● **SUPPLIED DATA**
┏━━
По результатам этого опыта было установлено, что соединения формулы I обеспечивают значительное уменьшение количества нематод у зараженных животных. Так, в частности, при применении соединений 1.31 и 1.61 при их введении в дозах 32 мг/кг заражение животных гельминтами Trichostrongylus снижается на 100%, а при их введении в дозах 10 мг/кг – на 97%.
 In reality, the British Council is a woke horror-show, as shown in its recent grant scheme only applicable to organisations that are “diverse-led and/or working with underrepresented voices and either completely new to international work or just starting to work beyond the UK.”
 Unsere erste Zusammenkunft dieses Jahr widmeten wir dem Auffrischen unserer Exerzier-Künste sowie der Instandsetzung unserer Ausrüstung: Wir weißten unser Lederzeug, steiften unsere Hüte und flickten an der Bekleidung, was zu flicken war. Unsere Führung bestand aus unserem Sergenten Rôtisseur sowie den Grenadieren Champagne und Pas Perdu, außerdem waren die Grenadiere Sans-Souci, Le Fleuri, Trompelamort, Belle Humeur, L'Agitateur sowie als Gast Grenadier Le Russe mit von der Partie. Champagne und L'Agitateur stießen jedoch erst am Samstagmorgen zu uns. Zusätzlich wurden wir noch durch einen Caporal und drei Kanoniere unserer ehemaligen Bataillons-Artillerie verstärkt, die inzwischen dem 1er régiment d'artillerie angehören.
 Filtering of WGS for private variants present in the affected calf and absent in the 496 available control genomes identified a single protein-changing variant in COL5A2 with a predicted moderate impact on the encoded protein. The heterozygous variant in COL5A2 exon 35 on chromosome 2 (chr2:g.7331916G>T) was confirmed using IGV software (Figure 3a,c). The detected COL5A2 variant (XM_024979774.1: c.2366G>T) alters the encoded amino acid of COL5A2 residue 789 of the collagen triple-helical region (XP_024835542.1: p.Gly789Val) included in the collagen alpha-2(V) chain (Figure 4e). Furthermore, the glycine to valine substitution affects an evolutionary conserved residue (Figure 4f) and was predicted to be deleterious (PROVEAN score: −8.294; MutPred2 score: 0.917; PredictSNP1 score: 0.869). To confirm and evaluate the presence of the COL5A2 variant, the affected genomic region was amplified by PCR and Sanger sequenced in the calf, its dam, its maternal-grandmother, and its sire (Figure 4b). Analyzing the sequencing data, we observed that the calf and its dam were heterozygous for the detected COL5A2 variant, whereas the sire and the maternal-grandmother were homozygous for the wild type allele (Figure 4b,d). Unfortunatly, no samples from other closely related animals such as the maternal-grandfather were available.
┗━━
● **DIRECTIONS**
Line by line, transcribe the material above exactly.

● **ANSWER**
По результатам этого опыта было установлено, что соединения формулы I обеспечивают значительное уменьшение количества нематод у зараженных животных. Так, в частности, при применении соединений 1.31 и 1.61 при их введении в дозах 32 мг/кг заражение животных гельминтами Trichostrongylus снижается на 100%, а при их введении в дозах 10 мг/кг – на 97%.
 In reality, the British Council is a woke horror-show, as shown in its recent grant scheme only applicable to organisations that are “diverse-led and/or working with underrepresented voices and either completely new to international work or just starting to work beyond the UK.”
 Unsere erste Zusammenkunft dieses Jahr widmeten wir dem Auffrischen unserer Exerzier-Künste sowie der Instandsetzung unserer Ausrüstung: Wir weißten unser Lederzeug, steiften unsere Hüte und flickten an der Bekleidung, was zu flicken war. Unsere Führung bestand aus unserem Sergenten Rôtisseur sowie den Grenadieren Champagne und Pas Perdu, außerdem waren die Grenadiere Sans-Souci, Le Fleuri, Trompelamort, Belle Humeur, L'Agitateur sowie als Gast Grenadier Le Russe mit von der Partie. Champagne und L'Agitateur stießen jedoch erst am Samstagmorgen zu uns. Zusätzlich wurden wir noch durch einen Caporal und drei Kanoniere unserer ehemaligen Bataillons-Artillerie verstärkt, die inzwischen dem 1er régiment d'artillerie angehören.
 Filtering of WGS for private variants present in the affected calf and absent in the 496 available control genomes identified a single protein-changing variant in COL5A2 with a predicted moderate impact on the encoded protein. The heterozygous variant in COL5A2 exon 35 on chromosome 2 (chr2:g.7331916G>T) was confirmed using IGV software (Figure 3a,c). The detected COL5A2 variant (XM_024979774.1: c.2366G>T) alters the encoded amino acid of COL5A2 residue 789 of the collagen triple-helical region (XP_024835542.1: p.Gly789Val) included in the collagen alpha-2(V) chain (Figure 4e). Furthermore, the glycine to valine substitution affects an evolutionary conserved residue (Figure 4f) and was predicted to be deleterious (PROVEAN score: −8.294; MutPred2 score: 0.917; PredictSNP1 score: 0.869). To confirm and evaluate the presence of the COL5A2 variant, the affected genomic region was amplified by PCR and Sanger sequenced in the calf, its dam, its maternal-grandmother, and its sire (Figure 4b). Analyzing the sequencing data, we observed that the calf and its dam were heterozygous for the detected COL5A2 variant, whereas the sire and the maternal-grandmother were homozygous for the wild type allele (Figure 4b,d). Unfortunatly, no samples from other closely related animals such as the maternal-grandfather were available.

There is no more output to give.